When an enlisted person advances to chief, they don the white combination hat, also known as “The Hat.” This white cover with anchor insignia over the brim has become the trademark of the Coast Guard chief. Since its introduction, The Hat has become a distinctive symbol of the chief’s authority.
It is unknown who was the first chief appointed in the Coast Guard in 1920, however, the first minority chief was African-American BMC, George Pruden, who advanced in 1922. The first Native-American chief was BMC Harold Quidgeon and the first Hispanic-American chief was GMC Joseph Aviles, who both advanced later in the 1920s. The first Asian-Pacific-Island-American chief was RMC Melvin Bell, who advanced in 1944. In 1942, enlisted women in the Women’s Reserves, or SPARs, advanced to Chief Petty Officer becoming the first women to do so. In 1977, HMC Connie Swaro became the first active-duty woman advanced to chief.

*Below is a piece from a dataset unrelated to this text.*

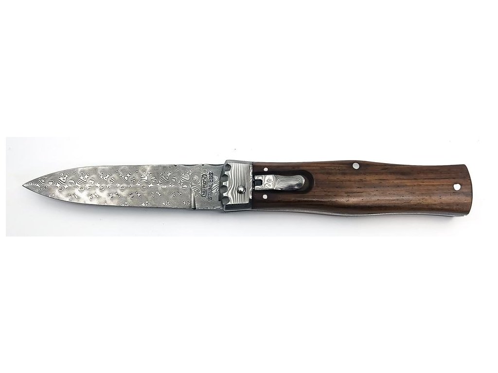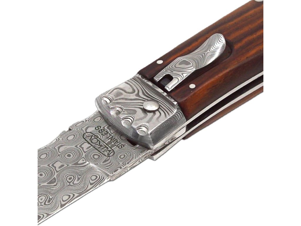 Nůž JAGUAR je vyhazovací, automatický nůž firmy Mikov, která sídlí v srdci Českého Švýcarska ve městě Mikulášovice. Jednou z mnoha výhod JAGUARU je, že se nůž dá rychle otevřít jednou rukou. Čepel nože je vyrobena z vysoce kvalitní damascenské oceli PMC27, která je nejvíce ceněným materiálem na výrobu čepelí. Na světě neexistují dva kusy se stejnou strukturou. V damascenské nerezové oceli PMC27 je spojena houževnatost oceli PMC27 (matný vzor) s tvrdostí oceli RWL34 (lesklý povrch). Výsledný materiál má díky vnitřní struktuře vysokou torzní, ohybovou i rázovou houževnatost a současně velkou odolnost proti opotřebení. Nůž vyrobený z damašku má vysokou řezivost, je extrémně odolný proti přelomení a má krásnou nezaměnitelnou kresbu. Tvrdost použité čepele je 57-60 HRc. Každá čepel je očíslovaná, takže jednotlivé nože jsou jasně identifikovány. Tato identifikace slouží jednak jako záruka originality, ale také jako bezpečnostní prvek v případě ztráty nebo odcizení. Z damascenské oceli jsou i další součástky – konkrétně přední kování, pojistná páčka. Má zdobené hřbetní pero.

On May 20, 1958, President Dwight Eisenhower signed Public Law 85-422, establishing the rates of Senior Chief and Master Chief. In the post-World War II economic boom, senior enlisted men could not advance beyond chief and left the Service to land well-paid jobs in the burgeoning economy. The establishment of the Senior Chief and Master Chief pay grades was intended to reverse the flight of these experienced chiefs to the civilian labor market. In 1969, the Service also established the Coast Guard rate of Master Chief Petty Officer of the Coast Guard, the single senior most enlisted position in the Coast Guard. In August 1969, MCPOCG Charles Calhoun became the first Coast Guardsman advanced to this rate.
Since 1920, chiefs have served many roles. These include teacher, parent, rating specialist and mentor. In the first years of the rate, chiefs accrued knowledge and skill from experience and on-the-job learning. In modern times, senior enlisted personnel have undergone training at every level before advancing to chief. In 1982, to add to chiefs’ training and professionalization, the Service established the United States Coast Guard Chief Petty Officer Academy at the Reserve Training Center in Yorktown, Virginia. In 1985, as part of a consolidation effort, the Academy was moved to Training Center Petaluma in Northern California. Today, all enlisted personnel advanced to chief must attend the Chief Petty Officer Academy.
Over the years, the Coast Guard chief has become a linchpin to the Service, able to advise petty officers and commissioned officers in the chain of command. Many of these chiefs have been recognized as cutter namesakes, including CPM Alex Haley, MCPOCG Charles Calhoun, BMC John Midgett and the dozens of chief namesakes of new Fast Response Cutters. They are all honored members of the long blue line.